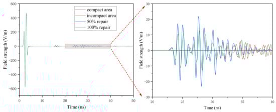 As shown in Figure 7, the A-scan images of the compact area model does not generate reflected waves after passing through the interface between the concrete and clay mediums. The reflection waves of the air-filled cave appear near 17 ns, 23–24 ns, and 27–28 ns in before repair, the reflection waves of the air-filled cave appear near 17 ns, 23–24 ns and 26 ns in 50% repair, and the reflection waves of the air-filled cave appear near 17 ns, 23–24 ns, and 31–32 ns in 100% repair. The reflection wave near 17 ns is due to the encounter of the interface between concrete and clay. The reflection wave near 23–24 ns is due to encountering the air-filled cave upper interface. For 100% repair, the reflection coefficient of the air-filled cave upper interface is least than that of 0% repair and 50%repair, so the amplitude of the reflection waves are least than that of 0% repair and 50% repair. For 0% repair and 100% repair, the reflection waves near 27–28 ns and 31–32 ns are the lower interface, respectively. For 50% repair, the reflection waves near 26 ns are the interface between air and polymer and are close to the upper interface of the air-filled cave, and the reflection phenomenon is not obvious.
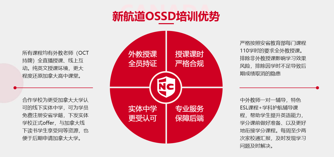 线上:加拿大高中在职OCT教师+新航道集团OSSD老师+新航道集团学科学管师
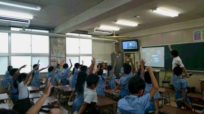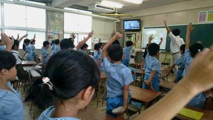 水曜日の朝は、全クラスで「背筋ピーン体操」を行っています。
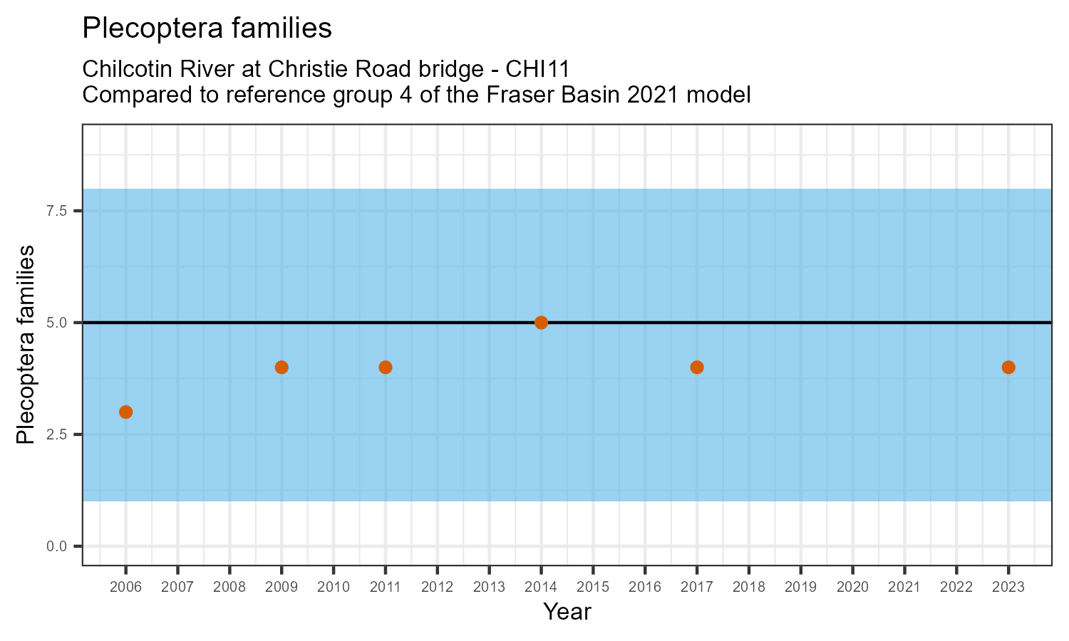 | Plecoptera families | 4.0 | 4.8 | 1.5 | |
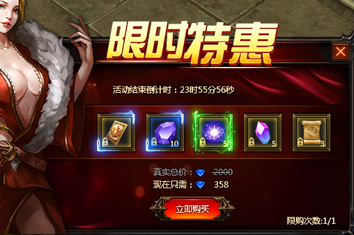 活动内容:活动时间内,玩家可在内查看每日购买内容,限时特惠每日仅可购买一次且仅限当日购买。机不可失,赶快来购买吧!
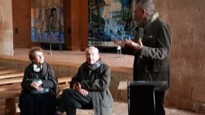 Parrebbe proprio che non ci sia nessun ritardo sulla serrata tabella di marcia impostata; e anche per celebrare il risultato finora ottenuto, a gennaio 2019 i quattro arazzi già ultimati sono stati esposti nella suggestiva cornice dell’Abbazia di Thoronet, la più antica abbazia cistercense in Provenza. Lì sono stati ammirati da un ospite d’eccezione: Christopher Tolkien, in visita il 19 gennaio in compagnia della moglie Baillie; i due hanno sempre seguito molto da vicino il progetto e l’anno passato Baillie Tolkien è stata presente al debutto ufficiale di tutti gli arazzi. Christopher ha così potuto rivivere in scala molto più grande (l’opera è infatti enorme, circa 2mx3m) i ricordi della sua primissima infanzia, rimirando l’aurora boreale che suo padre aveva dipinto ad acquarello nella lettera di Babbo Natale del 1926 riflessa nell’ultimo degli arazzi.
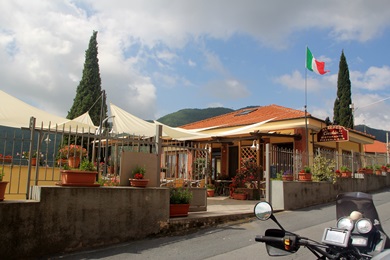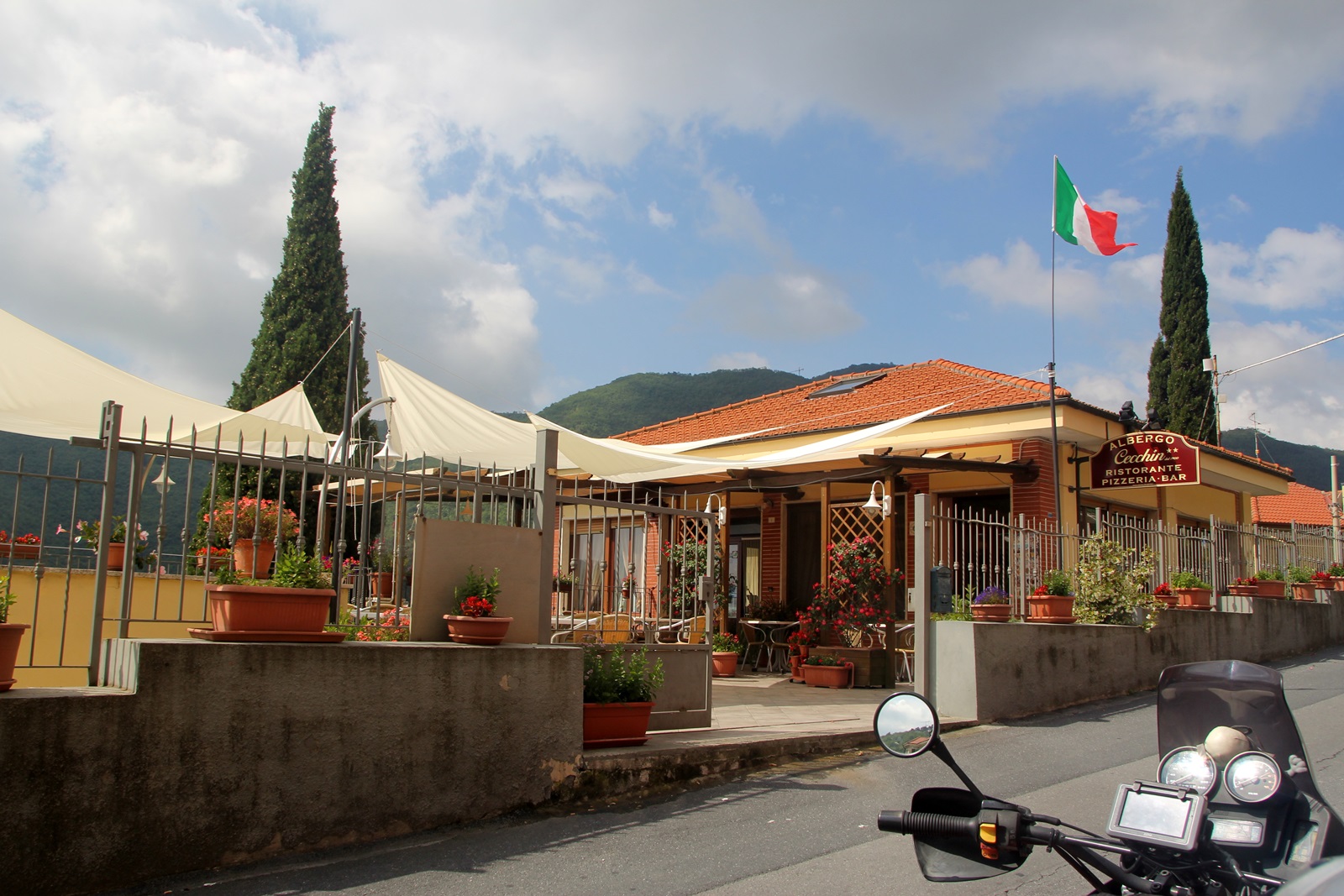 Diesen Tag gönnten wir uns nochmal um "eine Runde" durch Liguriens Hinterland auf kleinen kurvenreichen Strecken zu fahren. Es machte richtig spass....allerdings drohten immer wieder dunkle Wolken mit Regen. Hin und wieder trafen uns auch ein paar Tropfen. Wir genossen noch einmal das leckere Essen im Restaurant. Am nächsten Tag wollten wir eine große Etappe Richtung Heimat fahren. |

____________

Required work: All that should appear in the answer is the lines above from the line with "线上:加拿大高中在职OCT教师+新航道集团OSSD老师+新航道集团学科学管师" through the line with "活动内容:活动时间内,玩家可", retyped exactly, pictures left out.

Result of the task:
 线上:加拿大高中在职OCT教师+新航道集团OSSD老师+新航道集团学科学管师
 水曜日の朝は、全クラスで「背筋ピーン体操」を行っています。
 | Plecoptera families | 4.0 | 4.8 | 1.5 | |
 活动内容:活动时间内,玩家可在内查看每日购买内容,限时特惠每日仅可购买一次且仅限当日购买。机不可失,赶快来购买吧!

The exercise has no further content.